Jon A Bender

In an effort to increase societal solar energy harvesting by lowering the cost/power of current commercial solar panels, an alluring strategy is to improve upon materials and architectures already optimized and engrained in our solar industry.  Single-junction silicon (Si) solar cells are by far and large make up this market. A cost effective approach is to stymie thermalization losses and photon transmission in these devices by mindful incorporation of well-designed organic semiconductors (OSCs) for down-conversion and up-conversion of excitations. Singlet exciton fission (SF) and triplet-triplet annihilation can be thought of as two sides of the same coin, each showing promise for suppressing respective losses due to the aforementioned efficiency loss channels.

SF is a down-conversion process unique to OSCs wherein a spin-singlet excited state repartitions its energy into two spin-triplet excited states of roughly half the energy. A particularly appealing architecture for incorporating OCSs designed for efficient SF into existing devices involves interfacing a SF capable polycrystalline OSC thin film with a Si p-n junction to absorb photons in large excess of the Si bandgap. These photons will then have newly available pathways for creating two triplet excitations that may be coupled into Si across the OSC:Si buried interface, circumventing losses that would otherwise arise if absorbed directly by Si.

Realizing net efficiency increases with this strategy will however require commercially viable, high-yield SF capable OSCs and well-designed OSC:Si interfaces for effective triplet excitation energy transfer into Si.
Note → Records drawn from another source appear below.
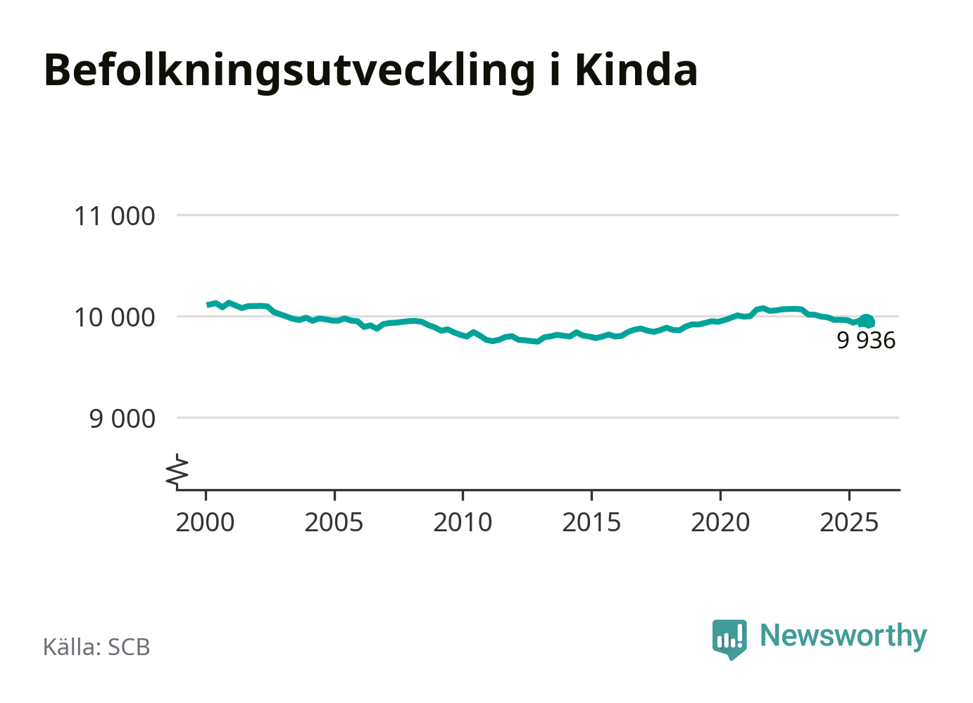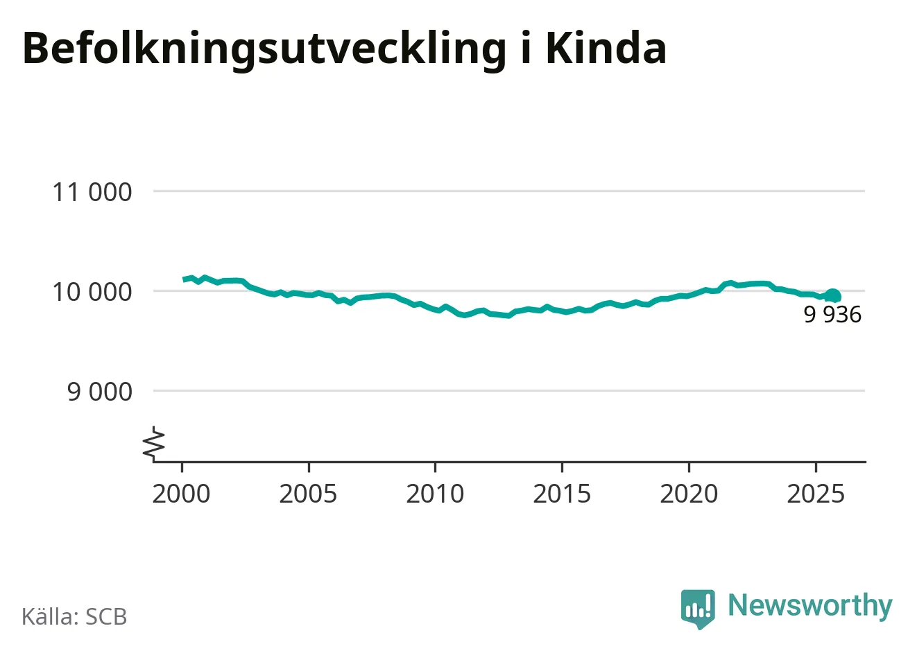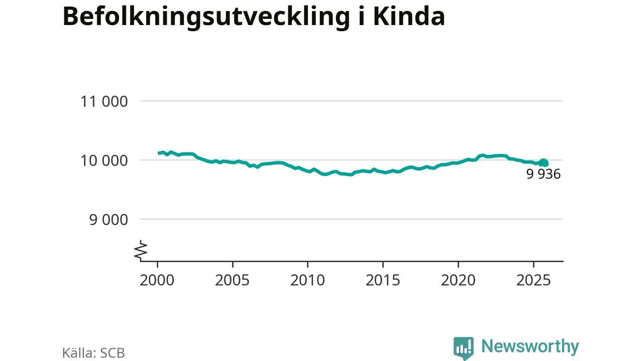 Befolkningen minskade i Kinda kommun under det tredje kvartalet 2025. Den 30 september bodde enligt SCB:s senaste siffror 9 936 personer i kommunen, vilket är 16 färre än i slutet av andra kvartalet.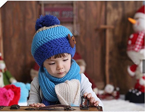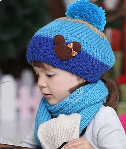 子供用 ニット帽&マフラー 2点セット セットアップ くまさん付き ボンボン付き ボーダー バイカラー ビーニー ベビー キッズ 女の子 男の子 冬帽子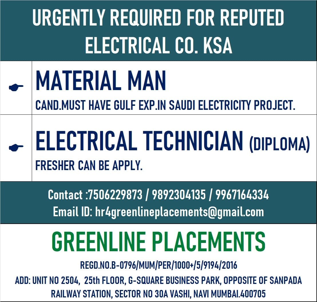 Contact : 7506229873 / 9892304135 / 9967164334 Email ID: hr4greenlineplacements@gmail.com
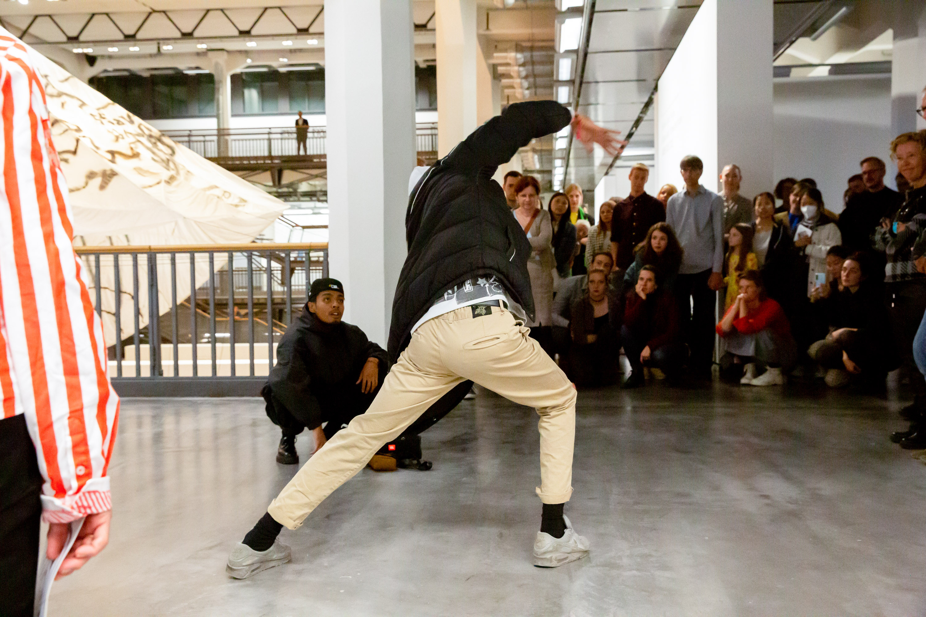Die Tänzerinnen und Tänzer inszenieren eine Dance-Battle-Performance, die die Schichten aus den Parallelwelten der Stadt und der Untergrundgemeinschaften widerspiegelt. Ihr Kampf unterstreicht die anhaltenden Spannungen zwischen den verschiedenen Gruppen.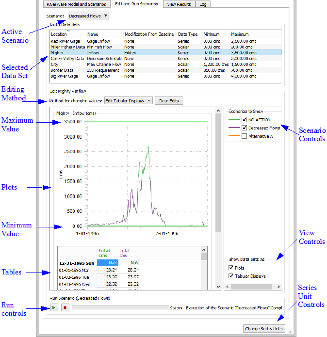 When a table data set is selected, the edit panel displays a table of values. The rows are indexed and may also have a text label. The color-coded columns, one for each scenario, show units and possibly a title. Only values in columns associated with the active scenario can be edited.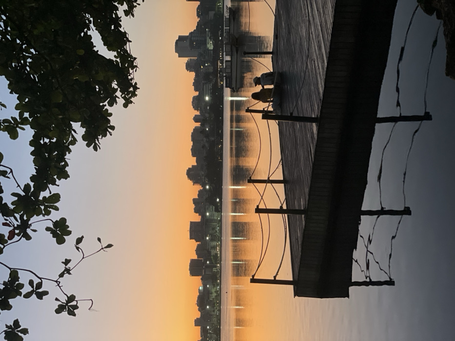 A serene cityscape reflected in water under a pastel orange sky. On the right, a dark wooden dock extends into the water, its railing casting linear shadows. Two figures sit at the end of the dock, their forms small against the backdrop. The left side of the image features foliage, adding a natural element to the urban scene. The composition evokes a sense of calm and contemplation.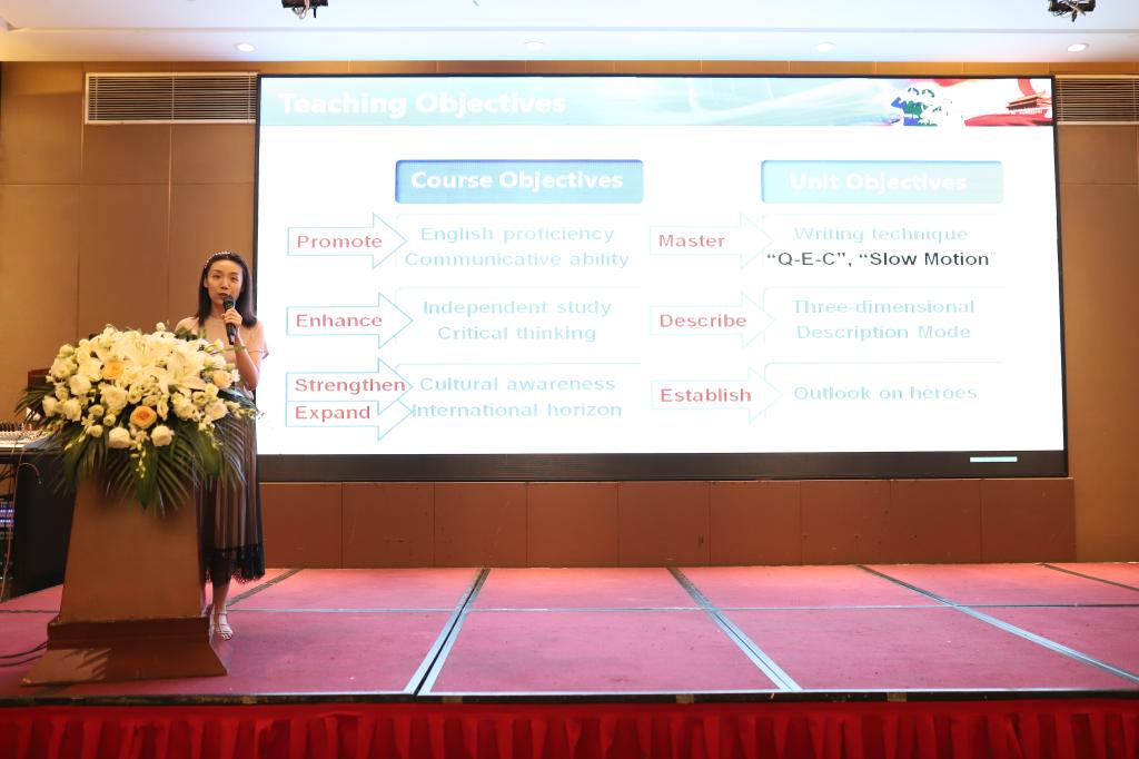 其次,空军工程大学的周俊萍副教授展示了大学英语课程思政课例。周老师介绍了课程的教学环境、教学目标以及具体的教学设计,然后再现了课堂上授课的具体环节。周俊萍副教授以外研社新视界大学英语第四单元“The Power of Heroes”为例进行了课例展示。课堂上,周老师带领学生对中国的英雄和西方的英雄进行比较,引出了西方的个人英雄主义和中国的集体主义。以古代的大禹,现代的雷锋、张思德、焦裕禄和当代的钟南山、肖思远等中华民族的英雄为例,在精神上指引当代大学生为了中华民族复兴事业而奋斗。整个课程展示环环相扣,课程思政水到渠成。她的精彩示范让与会的师生领略了“外教社杯”全国高校外语教学大赛和外研社“教学之星”中国外语学界这两大赛事双料一等奖获得者的风采,她的教学激励着年轻教师朝着追求创新教学、高效课堂迈进的步伐。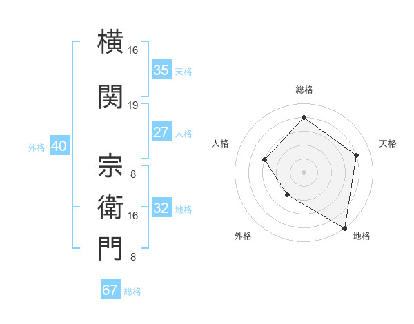 横関 宗衛門さんを姓名の画数から五運を鑑定

The respective mechanisms through which these processes proceed is still either hotly debated or entirely unknown. Though, their proposed electron/hole transfer nature suggest high sensitivity to spatial overlap, phase, and energetics between participating states. As such, the myself and Roberts group as a whole are interested in exploring structure-function design of SF in photostable polycrystalline OSC thin films with time-resolved electronic and vibrational spectroscopic techniques. Additionally, we utilize electronic sum-frequency generation (ESFG) to explore structure-function relationships governing triplet excitation transfer into Si across buried OSC:Si interfaces.